If you want to know where the U.S. grid is going, look at what's actually getting built. In the first quarter of 2026, solar and battery storage made up the large majority of every new megawatt added to the system — not in a forecast, but in interconnection-and-commissioning reality. Everything else combined is now a rounding error against the two cheapest, fastest resources to deploy.
Storage in particular just had its strongest start to a year on record. The U.S. installed roughly 9.7 GWh of battery storage in Q1 2026, up about 32% year over year, according to the American Clean Power Association and Wood Mackenzie's quarterly market report. That follows a 2025 in which the country added more than 28 GW / 57 GWh of storage, with utility-scale projects supplying the bulk of it.
Solar's share of the mix climbed just as fast. Utility-scale solar and wind together reached a record 17% of U.S. electricity generation in 2025, the U.S. Energy Information Administration reported — and solar is now the single largest source of new capacity year after year.
Why it's happening now
Two forces are pulling in the same direction. The first is demand: after two flat decades, U.S. electricity consumption is rising again, driven by data centers, AI compute, and electrification. The second is speed. A solar-plus-storage project can be permitted, financed, and energized in a fraction of the time it takes to build firm thermal or nuclear capacity — and at a lower levelized cost. When a grid needs gigawatts in a hurry, solar and storage are simply what shows up.
The question is no longer whether to build solar and storage. It's how fast you can get them interconnected.
The friction is real — but it's about logistics, not economics
This isn't a frictionless boom. Tariffs pushed the price of some four-hour U.S. battery systems up by as much as 69% during the first half of 2025, even as global lithium-ion pack prices fell to a record low near $108/kWh by year-end. And the binding constraint on new projects is increasingly the interconnection queue: backlogs and permitting timelines now weigh on a meaningful share of the early-stage pipeline.
None of that changes the underlying economics.
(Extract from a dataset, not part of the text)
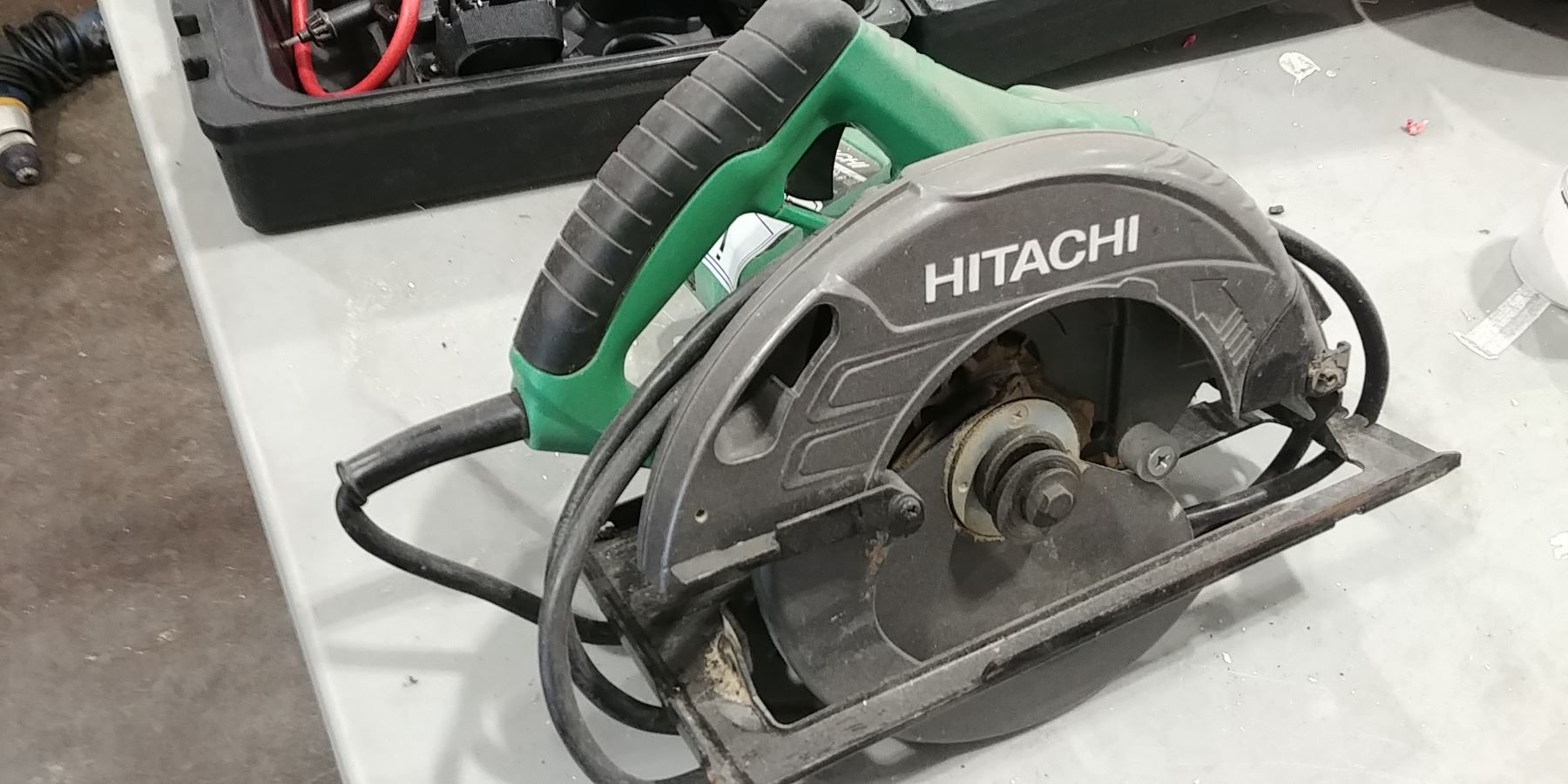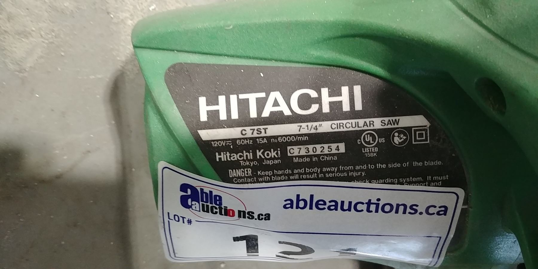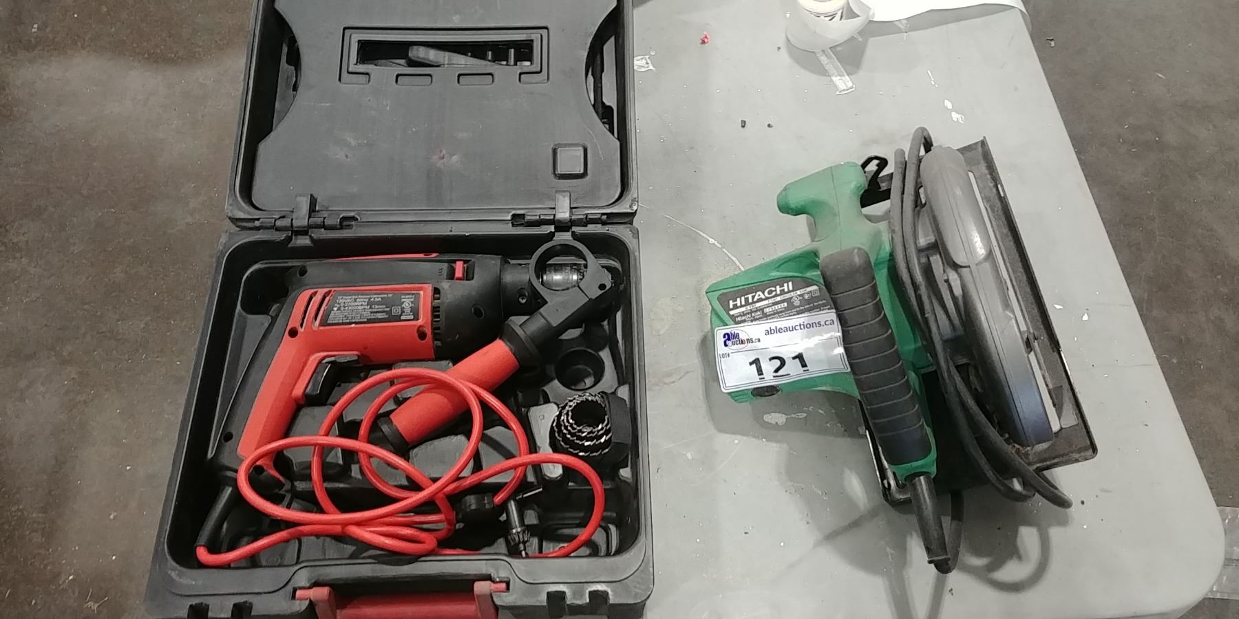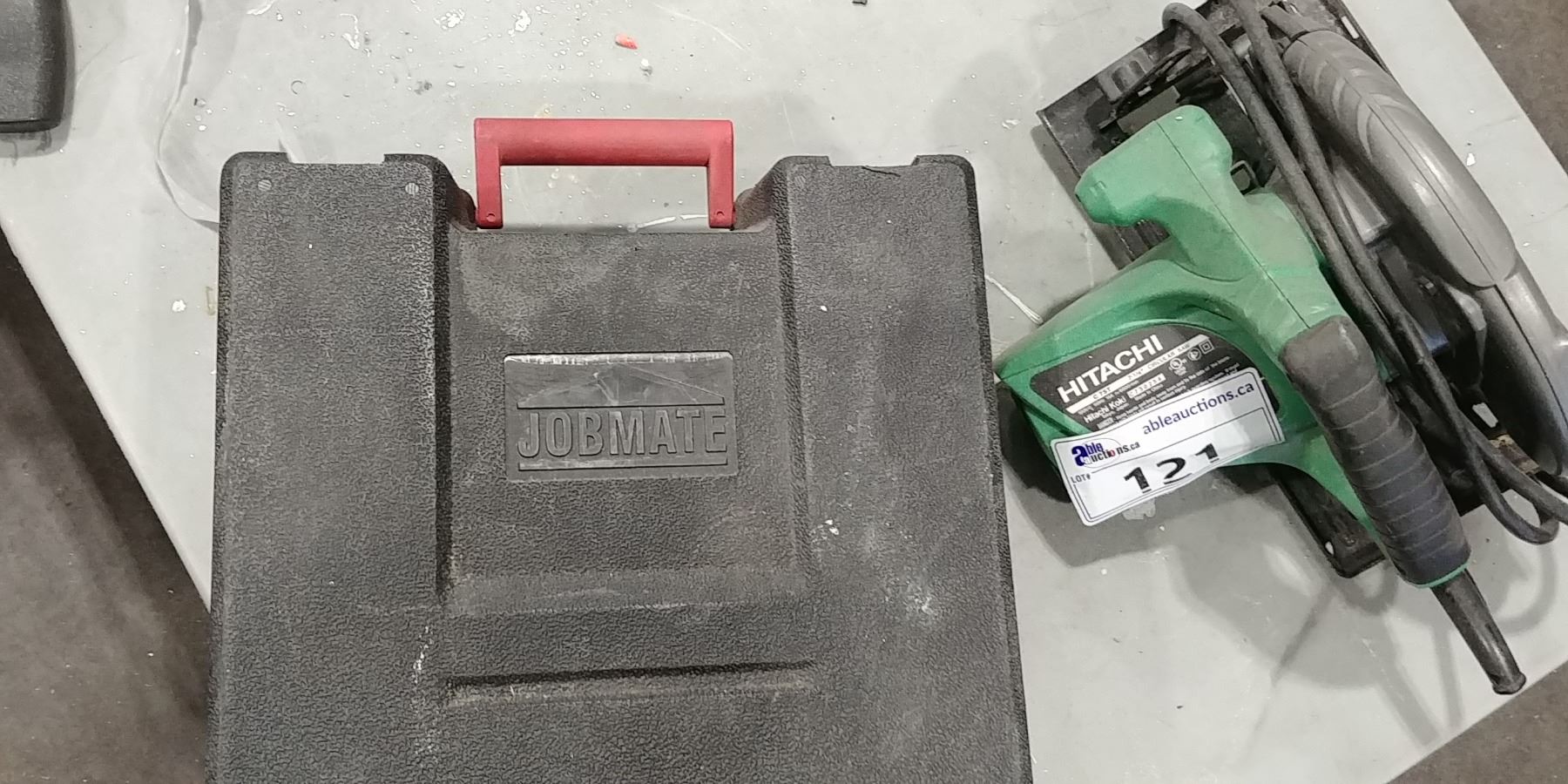 GROUP LOT. HITACHI CIRCULAR SAW MODEL C7ST & JOBMATE 1/2" IMPACT DRILL KIT WITH BITS AND CASE

It changes who wins — the developers who lock in supply chains early, site inside constrained capacity zones where the grid actually needs the power, and treat interconnection as a discipline rather than an afterthought.
What it means for Solyx
This is the market we were built for. Solyx develops utility-scale solar paired with long-duration storage in the exact places the grid is short — and we treat siting, supply chain, and interconnection as the hard parts, because they are. The macro tailwind is obvious; the edge is in execution.